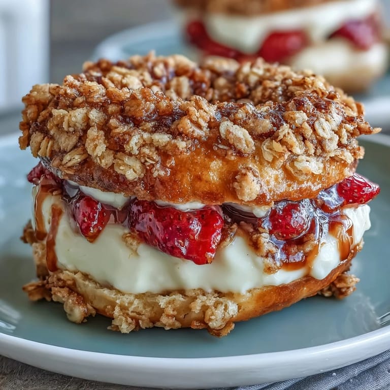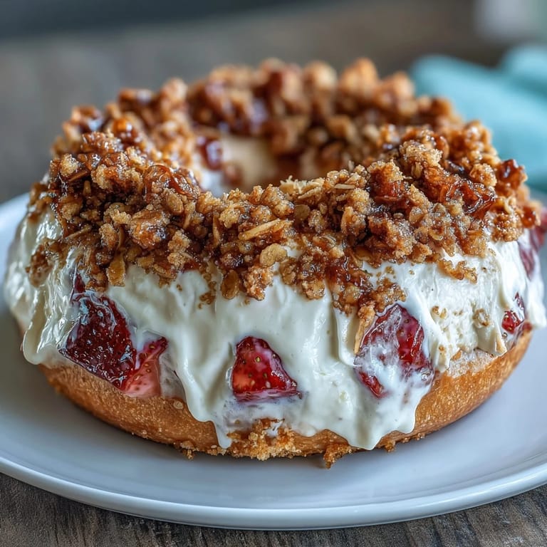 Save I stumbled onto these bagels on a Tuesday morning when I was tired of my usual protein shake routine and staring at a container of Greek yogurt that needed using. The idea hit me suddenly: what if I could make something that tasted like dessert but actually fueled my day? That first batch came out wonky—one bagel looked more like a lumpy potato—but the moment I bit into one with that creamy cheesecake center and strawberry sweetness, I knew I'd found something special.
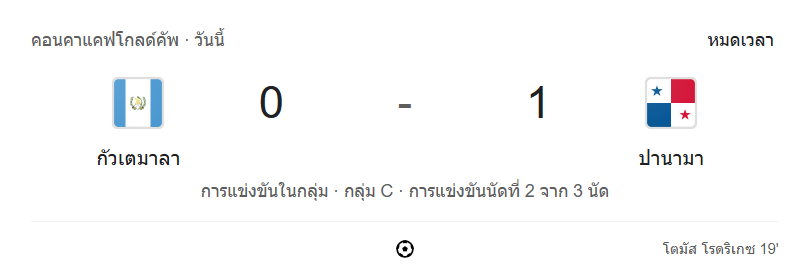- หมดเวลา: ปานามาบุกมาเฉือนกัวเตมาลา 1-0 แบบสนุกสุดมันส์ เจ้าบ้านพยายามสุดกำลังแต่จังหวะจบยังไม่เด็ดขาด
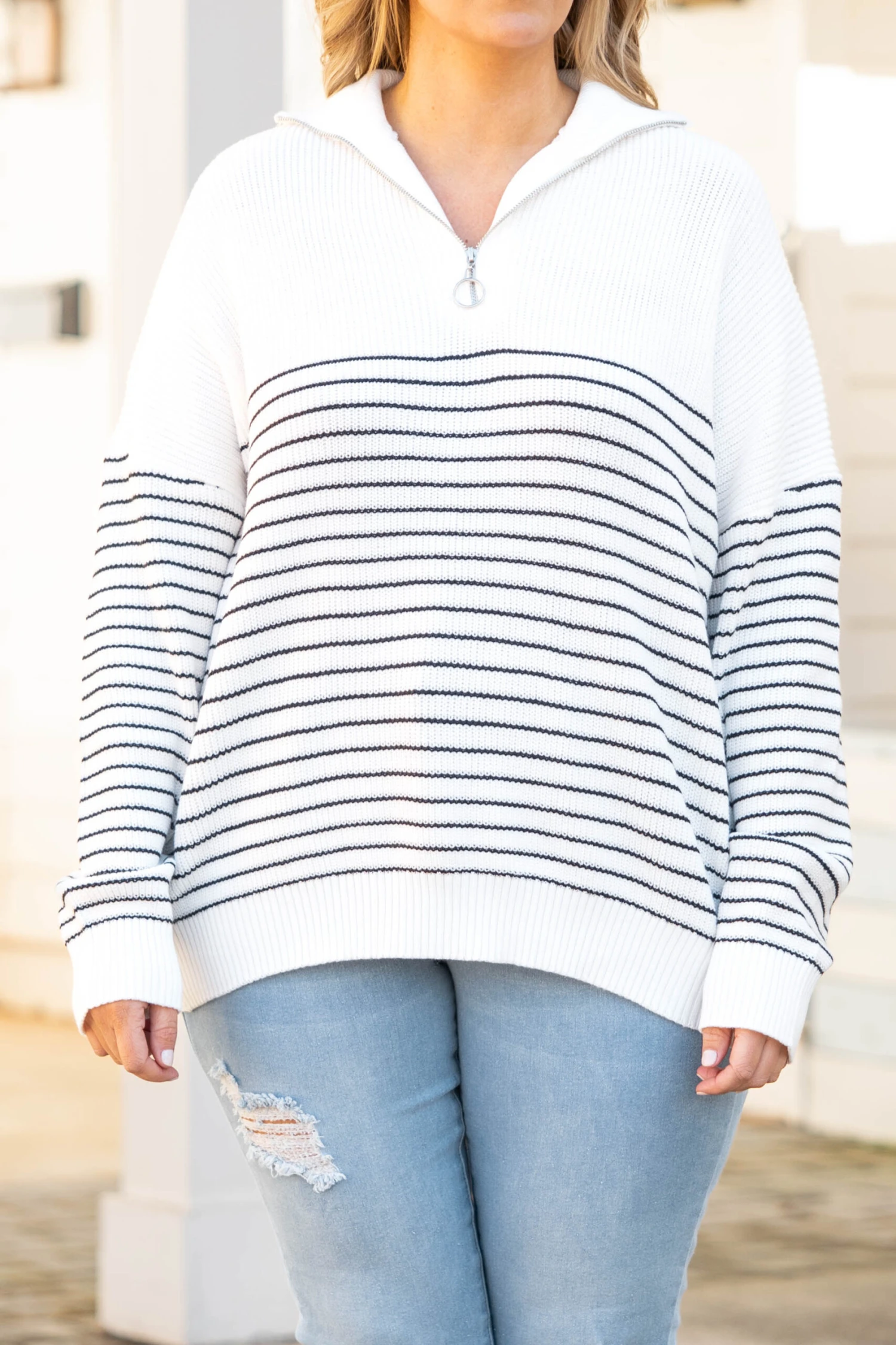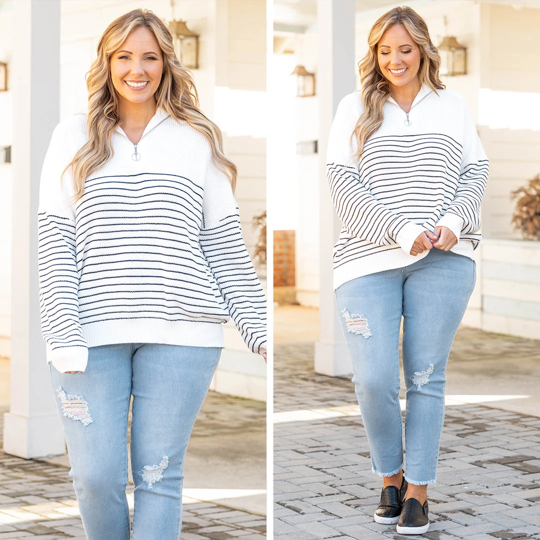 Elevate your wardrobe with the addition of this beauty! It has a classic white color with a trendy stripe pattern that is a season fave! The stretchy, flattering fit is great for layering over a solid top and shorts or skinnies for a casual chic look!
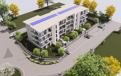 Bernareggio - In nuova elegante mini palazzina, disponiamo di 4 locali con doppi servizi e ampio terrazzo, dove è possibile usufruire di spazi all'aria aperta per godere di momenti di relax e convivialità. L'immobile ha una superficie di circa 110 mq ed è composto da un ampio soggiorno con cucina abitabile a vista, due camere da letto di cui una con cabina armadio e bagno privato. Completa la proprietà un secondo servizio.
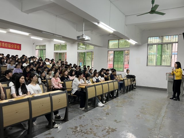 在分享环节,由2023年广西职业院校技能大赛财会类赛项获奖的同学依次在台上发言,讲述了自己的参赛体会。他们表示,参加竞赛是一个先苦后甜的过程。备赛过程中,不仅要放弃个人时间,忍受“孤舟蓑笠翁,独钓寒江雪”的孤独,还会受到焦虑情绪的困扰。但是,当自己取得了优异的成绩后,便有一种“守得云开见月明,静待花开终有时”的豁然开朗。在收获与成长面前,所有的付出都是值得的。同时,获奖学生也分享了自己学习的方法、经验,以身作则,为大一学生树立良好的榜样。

:: WHAT YOU ARE ASKED TO DO ::
Word for word, restate all of the material above except its pictures.

:: COMPLETED EXERCISE ::
 Save I stumbled onto these bagels on a Tuesday morning when I was tired of my usual protein shake routine and staring at a container of Greek yogurt that needed using. The idea hit me suddenly: what if I could make something that tasted like dessert but actually fueled my day? That first batch came out wonky—one bagel looked more like a lumpy potato—but the moment I bit into one with that creamy cheesecake center and strawberry sweetness, I knew I'd found something special.
- หมดเวลา: ปานามาบุกมาเฉือนกัวเตมาลา 1-0 แบบสนุกสุดมันส์ เจ้าบ้านพยายามสุดกำลังแต่จังหวะจบยังไม่เด็ดขาด
 Elevate your wardrobe with the addition of this beauty! It has a classic white color with a trendy stripe pattern that is a season fave! The stretchy, flattering fit is great for layering over a solid top and shorts or skinnies for a casual chic look!
 Bernareggio - In nuova elegante mini palazzina, disponiamo di 4 locali con doppi servizi e ampio terrazzo, dove è possibile usufruire di spazi all'aria aperta per godere di momenti di relax e convivialità. L'immobile ha una superficie di circa 110 mq ed è composto da un ampio soggiorno con cucina abitabile a vista, due camere da letto di cui una con cabina armadio e bagno privato. Completa la proprietà un secondo servizio.
 在分享环节,由2023年广西职业院校技能大赛财会类赛项获奖的同学依次在台上发言,讲述了自己的参赛体会。他们表示,参加竞赛是一个先苦后甜的过程。备赛过程中,不仅要放弃个人时间,忍受“孤舟蓑笠翁,独钓寒江雪”的孤独,还会受到焦虑情绪的困扰。但是,当自己取得了优异的成绩后,便有一种“守得云开见月明,静待花开终有时”的豁然开朗。在收获与成长面前,所有的付出都是值得的。同时,获奖学生也分享了自己学习的方法、经验,以身作则,为大一学生树立良好的榜样。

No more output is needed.